The core story of The Herricanes splits in two distinct directions. One path is the story of the specific team, a collection of women from all walks of life who came together to play American football for their home town. The arc of their story follows a fairly standard Hollywood structure: initially a misfit batch of untrained fans, barely able to score, they slowly were able to coalesce as a team and eventually even challenge their dreaded rivals, the dominant Oklahoma City Dolls. This story is mostly told through recreations and archival footage of the real Herricanes running practices, as actual game footage is sadly few and far between. The arc of this story resonates as well as any plotted sports drama, and is given special weight due to Kuan’s personal connection.

The other half of the story is perhaps more engaging. The story of all-female football didn’t die in the ‘70s, though it took nearly 20 years for leagues to find even shaky ground. But the social dynamics of what has kept women out of big money competitive football is explored in depth in the documentary. Central to Kuan’s argument is the role of Title IX, the landmark legislation that required all academic programs to equitably include both genders. Yet while some sports have seen a rise in funding and access for female athletes, football remains an almost exclusively male sport at the academic level, due in part to assumed gender self-isolation. Thus a self-repeating cycle establishes itself: There is no football for girls due to their lack of interest, mostly because the opportunities don’t present themselves.

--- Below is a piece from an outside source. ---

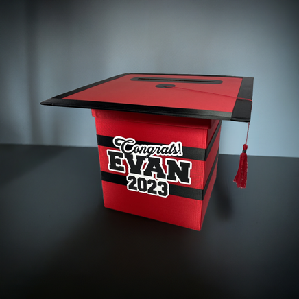 Red and black graduation cap style foldable card box with a tassel. Box is great for cards up to 5"x7", money, notes, and other well wishes. The top is made from chipboard and paper and can be used as a guest signing "sheet". Please consider the size of this box and the needs of your party. To avoid mistakes and misunderstandings, please read listing carefully. If something is not clear, please contact me with any questions.

But Herricanes is ultimately about more than football in a vacuum, because as the film itself argues, football doesn’t exist in a social vacuum—it is a component of social hierarchies that support and uplift men by design, not as a byproduct. Topics ranging from racial discrimination to bias based on sexual identity are all explored, including how the Herricanes’s experience provided a unifying theory about how a love of football is provided as an outlet for male aggression and competitiveness, but women are denied a similar outlet. As Kuan’s own mother explains, she was once told that having football on your resumé made you a more desirable employee as it taught teamwork and emotional fortitude. When she did include it in a resumé, however, an interviewer assumed she was a man.

The film balances this split in interest fairly even-handedly with the story of the Herricanes’s gradual rise within their sport and the overall structures that impact women’s interest in football today. The film doesn’t seem especially interested in the larger ethical concerns around football in totality, for better or worse. Rather, it simply loves the game, and the unity and family that love creates. Perhaps the film sidesteps the potential cost of that love, but it has so many things already on its mind that it simply might imbalance the whole thing. Like it or not, football is a central part of American culture, and as long as it is, The Herricanes compellingly argues that women should have a seat at the table.